Question

n-propyl bromide on treatment with ethanolic potassium hydroxide produces (a) propane (b) propene (c) propyne (d) propanol

Short answer

(b) propene

Step-by-step solution

Identify the Reaction Type

Ethanolic potassium hydroxide (KOH in ethanol) is used to carry out elimination reactions, specifically dehydrohalogenation. This implies that we are expecting the removal of hydrogen (H) and halogen (Br) from n-propyl bromide.

Analyze n-Propyl Bromide

n-Propyl bromide has the chemical structure CH3CH2CH2Br. In the presence of ethanolic KOH, a hydrogen atom adjacent to the bromine will be removed along with the bromine atom.

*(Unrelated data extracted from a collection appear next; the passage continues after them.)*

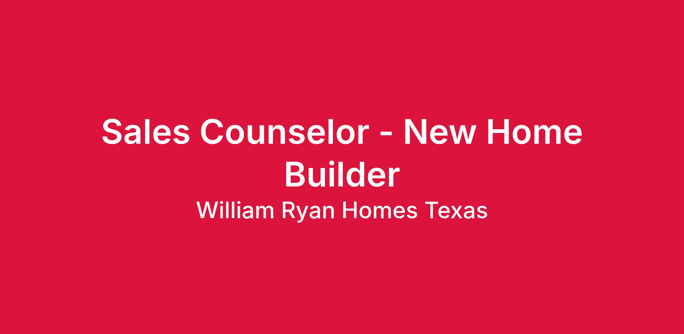 Residential home builder, William Ryan Homes, is looking for an experienced and highly motivated Sales Counselor to sell new homes in our Royse City, TX communities. The right candidate is committed to selling our homes in a personal and professional manner, providing 100% customer satisfaction while meeting all assigned sales goals.
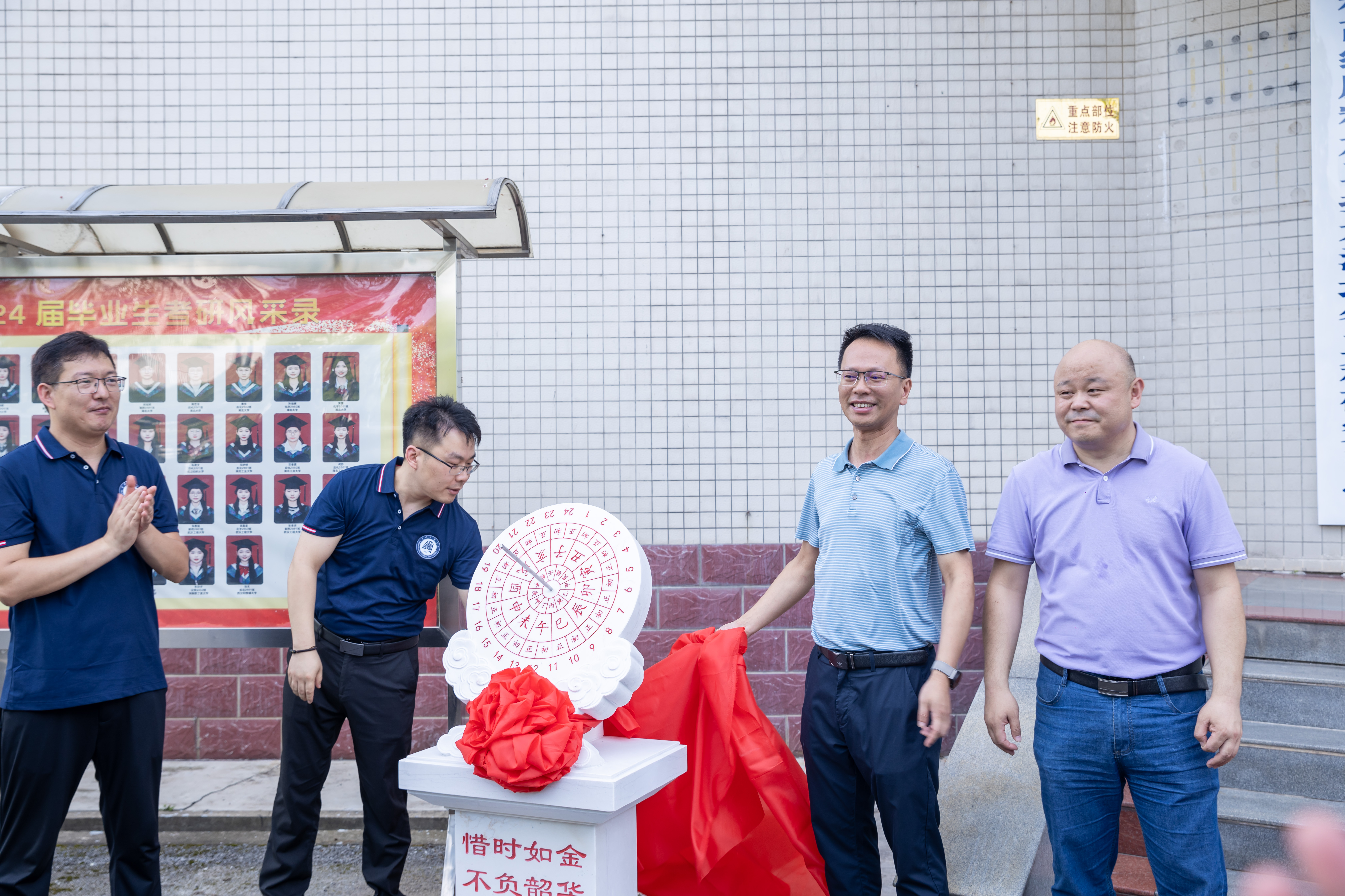 随后,校友一行代表与学院领导在化学楼门口,举行了捐赠仪式。学院党委书记邱浩、院长田正芳代表学院接受化学200402班校友给学院捐赠的日晷雕像并合影留念。
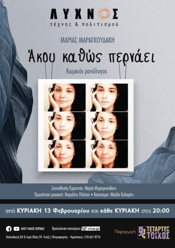 «ΑΚΟΥ ΚΑΘΩΣ ΠΕΡΝΑΕΙ»της Μαρία Μαραγκουδάκη-ΘΕΑΤΡΟ ΛΥΧΝΟΣ Τέχνης & Πολιτισμού
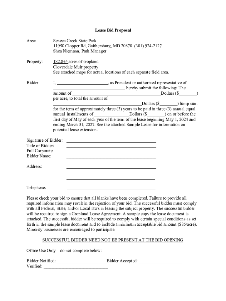 Lease Bid Proposal Area:Seneca Creek State Park 11950 Copper Rd, Gaithersburg, MD 20878. (301) 9242127 Shea Riemann, Park ManagerProperty:182.8+/acres of cropland Clover dale Muir property See attached
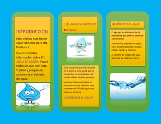 El documento describe los tres estados del agua (sólido, líquido y gaseoso), sus usos principales y formas de ahorrar agua. Explica que el agua es esencial para la hidratación de los cuerpos y tareas domésticas como lavar ropa. Recomienda cerrar los grifos mientras nos lavamos los dientes, reparar grifos que gotean y evitar juguetes que requieran un flujo constante de agua para ahorrar hasta 10 litros.
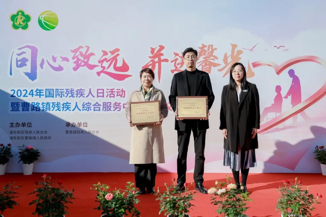 11月29日,在第33个国际残疾人日来临之际,上海市浦东新区曹路镇举办了主题为“同心致远,并进馨光”的2024年国际残疾人日暨曹路镇残疾人综合服务中心揭牌仪式。作为受邀嘉宾,北京宜生无忧科技有限公司有幸见证了这一重要时刻,并荣获了“扶残助残爱心企业”的殊荣。
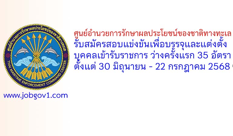 ศูนย์อำนวยการรักษาผลประโยชน์ของชาติทางทะเล รับสมัครสอบแข่งขันเพื่อบรรจุและแต่งตั้งบุคคลเข้ารับราชการ ว่างครั้งแรก 35 อัตรา ตั้งแต่ 30 มิถุนายน – 22 กรกฎาคม 2568

Identify the Products of Elimination

When a hydrogen from the beta carbon (next to the carbon bonded to bromine) is removed and the bromine is eliminated, a double bond forms between the alpha and beta carbons, resulting in the formation of an alkene.

Determine the Specific Alkene Formed

The elimination process will form propene with the structure CH3CH=CH2. This is due to the creation of a double bond between the carbons after elimination of H and Br.

Key concepts

Elimination Reaction

An elimination reaction is a fundamental chemical reaction where elements are removed from a molecule, forming a new structure. This reaction is typical when you want to create a double bond between atoms. In the case of n-propyl bromide, treating it with ethanolic potassium hydroxide leads to a specific type of elimination reaction called dehydrohalogenation. Here's why elimination reactions are important:

• They transform saturated compounds (single bonds only) into unsaturated compounds (such as alkenes with double bonds).
• They are vital for synthesizing a wide range of organic compounds.

Elimination reactions can produce various products depending on the conditions and the specific molecules involved. Understanding the type of molecules involved and the reaction conditions helps predict and control the reaction outcome.

Dehydrohalogenation

Dehydrohalogenation is a specific type of elimination reaction where a hydrogen atom and a halogen are removed from an organic molecule. With n-propyl bromide, the term "dehydrohalogenation" indicates that one hydrogen and one bromine atom are eliminated. Here's a quick rundown of the process:

• The base, potassium hydroxide (KOH), often in an ethanolic (alcoholic) solution, helps remove the bromine atom.
• A hydrogen atom is removed from the adjacent carbon atom, often referred to as the beta (β) carbon, to the carbon bonded to the bromine.

Once these atoms are removed, the result is the formation of a double bond between the carbon atoms that are left, creating a more stable, unsaturated compound. This reaction type is widely used in organic chemistry to convert simple alkyl halides into more complex alkenes.

Alkene Formation

Alkene formation through elimination reactions like dehydrohalogenation is a crucial reaction in organic chemistry. In our specific case, n-propyl bromide, upon elimination, forms propene. Here's how the process works:

• After the removal of a bromine and hydrogen, a double bond is formed between two carbon atoms.
• This transformation from a saturated to an unsaturated molecule involves the formation of a pi-bond, which contributes to the alkene's chemical reactivity.

The final product, propene (\[\text{CH}_3\text{CH}=\text{CH}_2\]), is a simple alkene. This kind of transformation is essential from an application standpoint, allowing the synthesis of important precursors for polymers, pharmaceuticals, and other organic materials.